- Born: 14 September 1918 Melbourne, Australia
- Died: 25 September 2008 (aged 90) Mornington, Victoria, Australia
- Education: University of Melbourne (MSc 1955)
- Known for: Developing safe methodology for food production
- Awards: Award of Merit of the Australian Institute of Food Science and Technology
- Scientific career
- Fields: Microbiology
- Institutions: Kraft Foods

= Margaret Dick =

Australian microbiologist

Margaret Isabella Brownlee Dick (14 September 1918 – 25 September 2008) was a pioneering Australian microbiologist. She is best known for her role as Chief Microbiologist at Kraft Foods Australia and for the development of a methodology for safe food production. She was the first woman to be elected as a Fellow of the Australian Institute of Food Science and Technology.

==Biography==
Dick was born in Melbourne to immigrant Scottish parents, Margaret and James Dick. She was the youngest of the four children in the family. She descended from a long line of engineers on her paternal side, including her grandfather, father and all of her uncles. Her mother was a housewife and tailor, while both of her sisters became teachers. Dick's maternal grandfather worked as an accountant.

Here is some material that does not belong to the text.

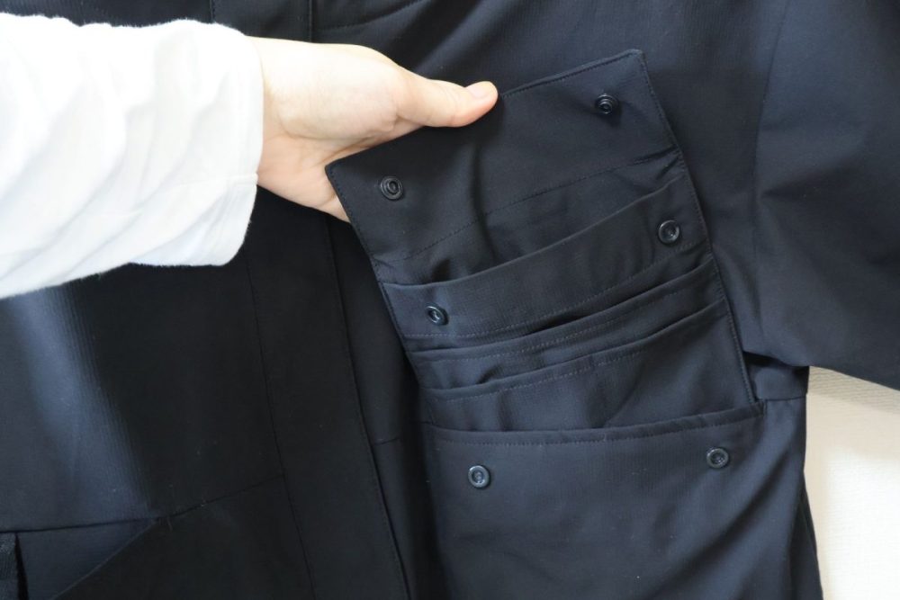 右ポケットにはなぞのスナップボタンが2か所付いています。

The family moved from South Africa to Australia in 1914. Her parents decided to move to Australia due to her father's risk of miner's phthisis and the start of the Great War.

=== Education ===
Dick was educated at Kew State School, Mont Albert Central School (the leading central school in Melbourne at the time) and Melbourne Girls' High School. Her parents made financial sacrifices so that she and her siblings could attend the best schools. She graduated from the University of Melbourne in 1941 with a Bachelor of Science in Microbiology, Dietetics, and Biochemistry. Upon graduating with a bachelor's degree, she found work in a medical microbiology laboratory in Adelaide, working under the supervision of several physicians.

=== Career ===
Shortly after, Dick returned to Melbourne where she won a role with the Kraft Walker Cheese Company (later Kraft Foods) as assistant to the senior microbiologist.

While working at Kraft, she developed and introduced new microbiological methods into Australia for measuring a range of B group vitamins and amino acids. This research led to her completion of her Master of Science degree in 1955, which was awarded by the University of Melbourne.

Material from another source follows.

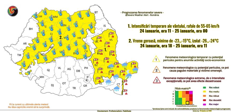 Potrivit Severe Weather Alert - România, din deta de 24 ianuarie, ora 18 -până în data de 25 ianuarie, ora 11, nordul, centrul și nord-estul țării se află sub cod galben de ger.

She began working for Kraft Foods in 1942 and continued her work for them for 40 years. By 1949, she earned the title of Senior Microbiologist and eventually she would become the Chief Microbiologist for the entire company. She set the microbiology standards for all of the company's products and became an authority on bacteriophage interaction with cheese starters and the occurrence of Staphylococci in dairy products. She outlined and employed the protocols (from a microbiological perspective) for food product monitoring and equipment and employee surveillance that eventually became HACCP (Hazard Analysis by Critical Control Points) standards. She also assisted in the determination of a more effective methodology to test for penicillin in cow's milk. Her last few months of work before retirement, she helped set up a microbiology laboratory in Tanzania. According to Allen, she was an internationally revered expert in the field.

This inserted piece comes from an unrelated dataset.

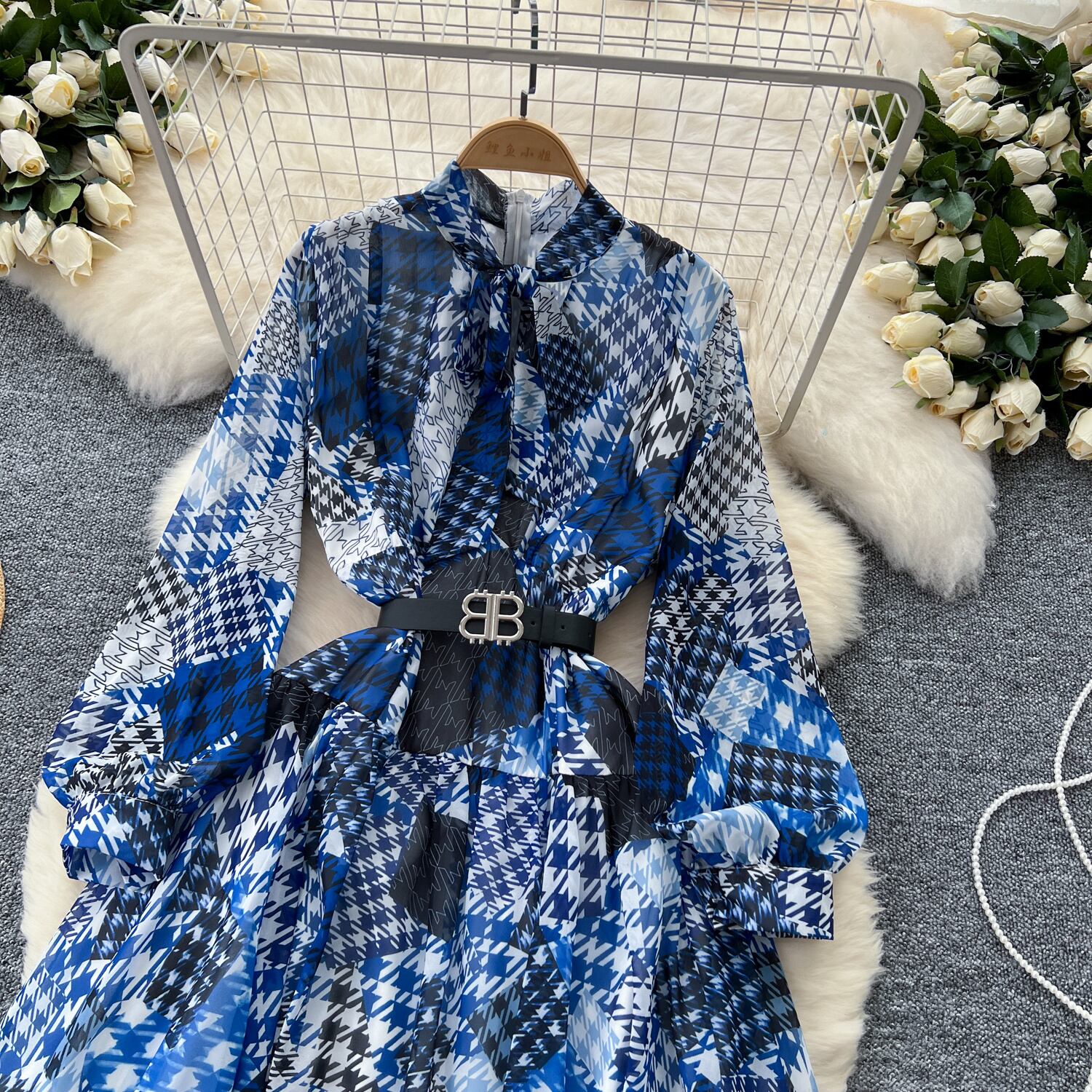 送料無料 ◆ D2139 ベルト付き ボウタイ パッチワーク柄 長袖 フレア ロング ワンピース《 ブルー 》 袖あり 長袖 花柄 千鳥格子 ホワイト 柄物 無地 インポートワンピース ワンピース パーティードレス メール便 パーティーワンピ 袖付き お呼ばれワンピース サテン ボウタイ ひざ丈 長袖 おしゃれ 透けない インポートワンピース お呼ばれ お出かけ 上品 結婚式 ロングワンピース

Dick served on a number of committees including:
1. Australian Dairy Produce Standards Organization
2. Australian Defense Forces Food Standards
3. NH&MRC Sub-Committee on Microbiological Food Standards
4. Standards Association of Australia.
5. Biological Advisory Committee of the National Association of Testing Authorities
She was the only person to serve on the microbiological subcommittee of the National Health and Medical Research Council food standards committee for the entire 25-year duration that it existed.

=== Final years ===
Dick never married. She died peacefully at her home in Mornington. She was survived by her niece and nephews.

== Selected publications ==
1. "The Thermal Stability of Folic (Pteroylglutamic) Acid" appeared in Immunology & Cell Biology, May 1948
2. "The Microbiological Assay of Folic Acid" appeared in the Australian Journal of Experimental Biology and Medical Science, May 1948
3. "Fermentation of Food" was presented at the Academy of Science

== Awards and recognitions ==
In 1970, she won the Australian Institute of Food Science and Technology's Award of Merit. That same year, she became their first woman fellow. She became a Fellow of the Australian Academy of Technological Sciences and Engineering in 1977. In 2001, Dick was awarded a Centenary Medal for her contributions to food science and technology.